Computerworld

Escape from voting machine Hell

As the US presidential election finally arrives, we're hip deep in horror stories about voting machines run amok.

One day, just one more day, and it will all be over.

I'm talking about the US election, of course. (And if you just said to yourself, "What election?", please hold still while I smack you with this sock full of manure.)

Today's hot topic is voting machines. It seems the doyenne of daytime TV, Oprah Winfrey, voted early in Chicago last week and ran smack into a touch-screen voting machine that didn't want to cooperate. She pressed the screen next to You Know Who's name, but nothing happened. One can only imagine the theatrics that ensued in the polling station, but you can watch a video of the world's wealthiest entertainer describing it here.

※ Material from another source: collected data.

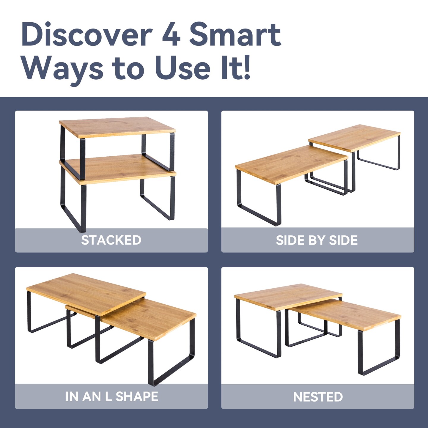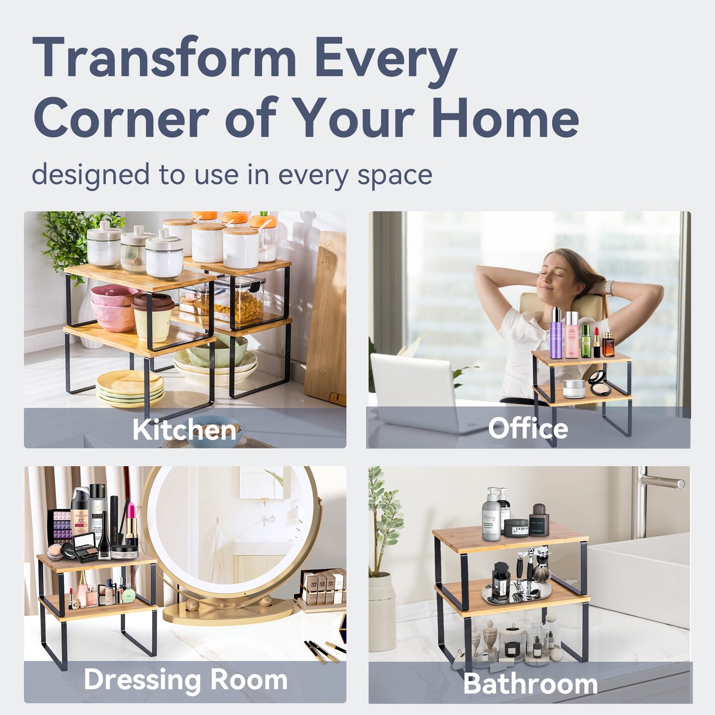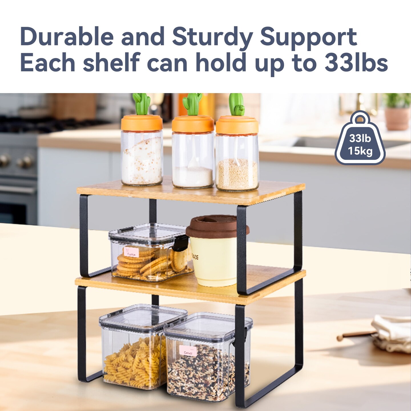 VUSIGN Cabinet Organizer Shelf, 4 Sets Kitchen Counter Shelves, Stackable Expandable Spice Rack,Cloud White and Natural Beige
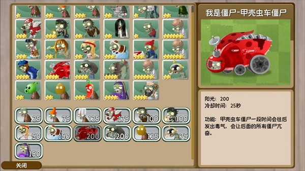 功能:甲壳虫僵尸一段时间会往后发出毒气,会让后面的所有僵尸亢奋。
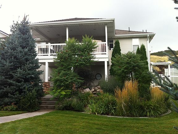 NOTE: Zillow price estimate is based on less than 1800 finished s.f. and 3 bedrooms; We have 3500 s.f. and 6 bedrooms! We are selling below cost! Custom rambler with a professionally landscaped backyard for you to escape from the cares of the world or entertain family and friends. Large covered deck with a view toward Weber Canyon. The feel of being in the mountains with 2 waterfalls, 2 natural gas fire pits and a privacy back yard. Great location in a quiet cul-de-sac against the mountain in South East South Weber. Main floor includes master bedroom, guest bedroom and 1 bedroom/office with 2 entries; 2 ½ baths, Kitchen/Dining Area, Great Room, and Mud/Laundry Room. Downstairs (100% finished) includes Kitchen/Mother-in-Law apartment, 3 bedrooms, Large Family Room, Finished Storage Rooms, and a daylight walkout basement to a covered patio. Other interior features include: 2 gas fireplaces 1 main and 1 downstairs, New “Top of the Line 98% efficient Lennox Signature HVAC with icomfort Wi-Fi thermostat; 18 Seer AC, New Rheem efficient water heater, Pure Tel watersoftner, Vacuflo Central vac, ceiling fans in all rooms, Gas Range, Gas plumbed to deck for barbeque. 220 wired to garage, workbench and cabinets in garage. Exterior features include large covered trex deck with maintenance free vinyl railings. Bearing Peach and Apricot trees, strawberry and raspberry plants. Front all brick, rear vinyl siding. Flag Stone around natural gas fire pits. Solar umbrellas (illuminated at night) designed into the back yard. You will fall in love with this home.
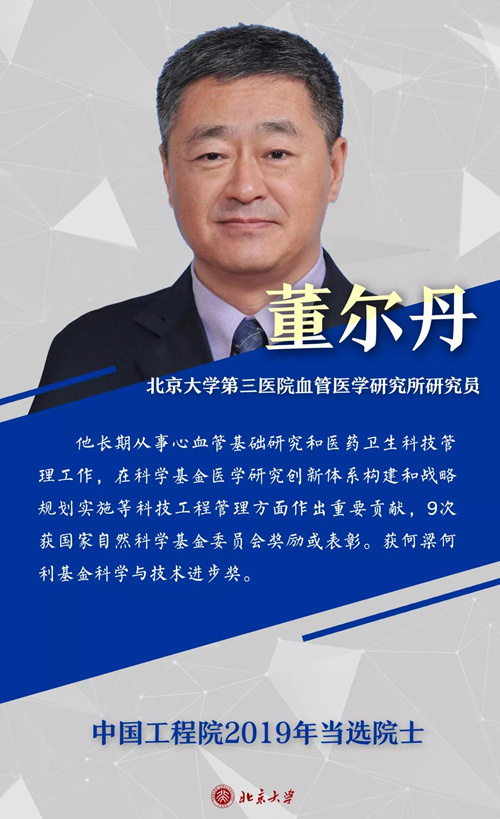2019年11月22日,中国工程院2019年院士增选结果揭晓,共选举产生75位院士。其中,北京大学第三医院血管医学研究所董尔丹研究员增选为中国工程院院士。 链接:中国工程院2019年院士增选结果 董尔丹简介 董尔丹,198...

My point: If it can happen to L'Oprah, it can happen to you. Heck, it even happened to Homer Simpson.

Votes have been flipping like pancakes on electronic voting machines in Colorado, West Virginia, Texas, and Tennessee, among other places. When voters press the touch screen, it either doesn't record their choice (a la Oprah) or it records it for the wrong candidate. And in most cases there's no paper trail, which means there's no way to verify the machine accurately recorded your vote, even if it displayed correctly on screen.

It's not just tree-hugging, tin-foil-hat-wearing Probama voters who've had this problem. In Tennessee, three voters complained their McCain votes were being recorded for The One. Several states have responded by decertifying machines and going back to paper ballots, but more than a third of the US will vote using one of these gizmos. E-voting experts are keeping a watchful eye on several states, including Florida, Ohio, Pennsylvania, and Virginia.

That doesn't mean there's a vast conspiracy and the fix is in. It may be user error, combined with a badly designed GUI, badly calibrated machine, and/or buggy code. Regular readers of this column will be extremely familiar with those kinds of problems.

The Brad Blog, which eats this kind of stuff for breakfast, has compiled some handy tips if you see your votes being flipped or encounter other gremlins living inside an electronic voting machine.

Brad Friedman (aka the Brad blog) also suggests we use a mobile phone camera to capture video of anything irregular and upload it to VideoTheVote or YouTube. I'm not sure how much the blue-haired ladies overseeing the election in my precinct will like that, but hey, it's a free country. At least, for the time being. You can help keep it that way by voting.